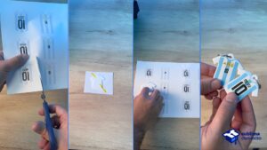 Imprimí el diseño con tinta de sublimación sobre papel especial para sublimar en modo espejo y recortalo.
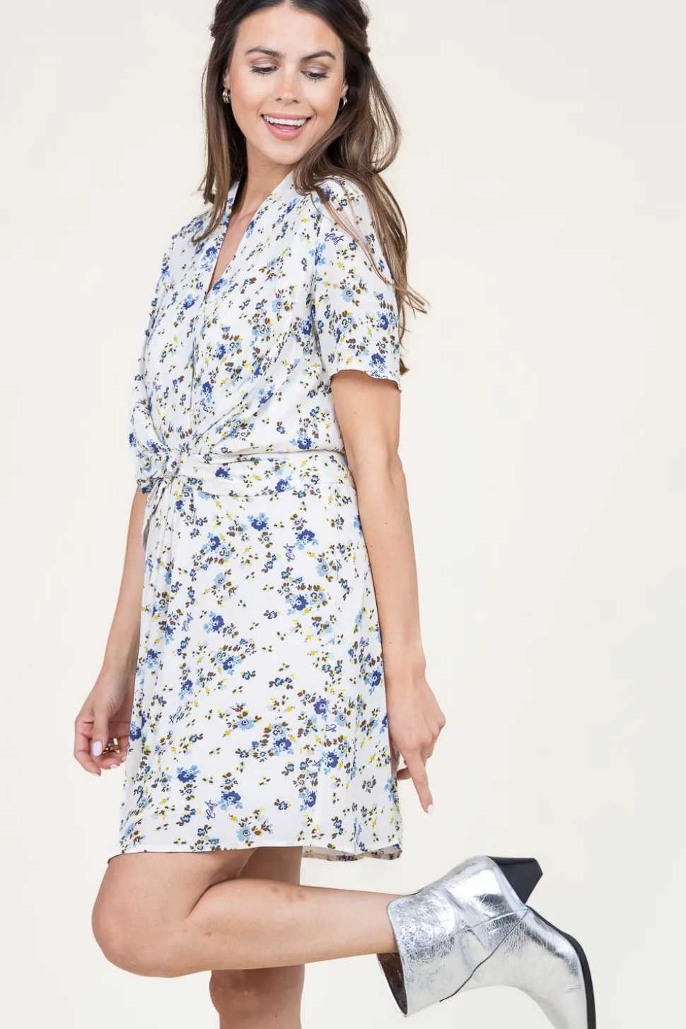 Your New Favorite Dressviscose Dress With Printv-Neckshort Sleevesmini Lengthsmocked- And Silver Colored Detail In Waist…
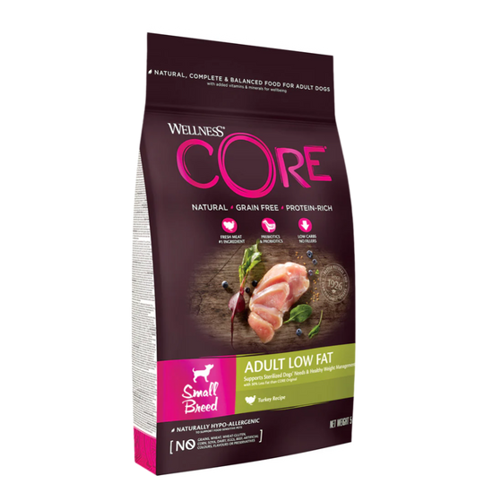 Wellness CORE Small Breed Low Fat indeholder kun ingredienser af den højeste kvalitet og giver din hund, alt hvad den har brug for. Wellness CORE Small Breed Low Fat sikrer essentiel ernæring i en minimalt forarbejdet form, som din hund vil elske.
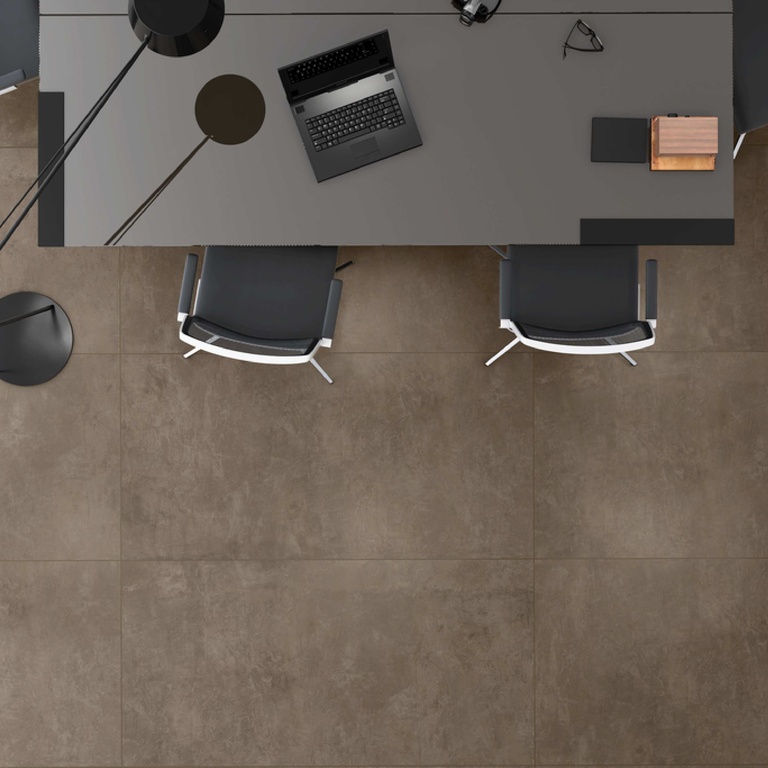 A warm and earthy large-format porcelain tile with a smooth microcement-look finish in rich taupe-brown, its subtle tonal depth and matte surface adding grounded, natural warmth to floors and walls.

## What is needed
All the lines above are to be reproduced exactly, except the pictures.

## Written solution
 Imprimí el diseño con tinta de sublimación sobre papel especial para sublimar en modo espejo y recortalo.
 Your New Favorite Dressviscose Dress With Printv-Neckshort Sleevesmini Lengthsmocked- And Silver Colored Detail In Waist…
 Wellness CORE Small Breed Low Fat indeholder kun ingredienser af den højeste kvalitet og giver din hund, alt hvad den har brug for. Wellness CORE Small Breed Low Fat sikrer essentiel ernæring i en minimalt forarbejdet form, som din hund vil elske.
 A warm and earthy large-format porcelain tile with a smooth microcement-look finish in rich taupe-brown, its subtle tonal depth and matte surface adding grounded, natural warmth to floors and walls.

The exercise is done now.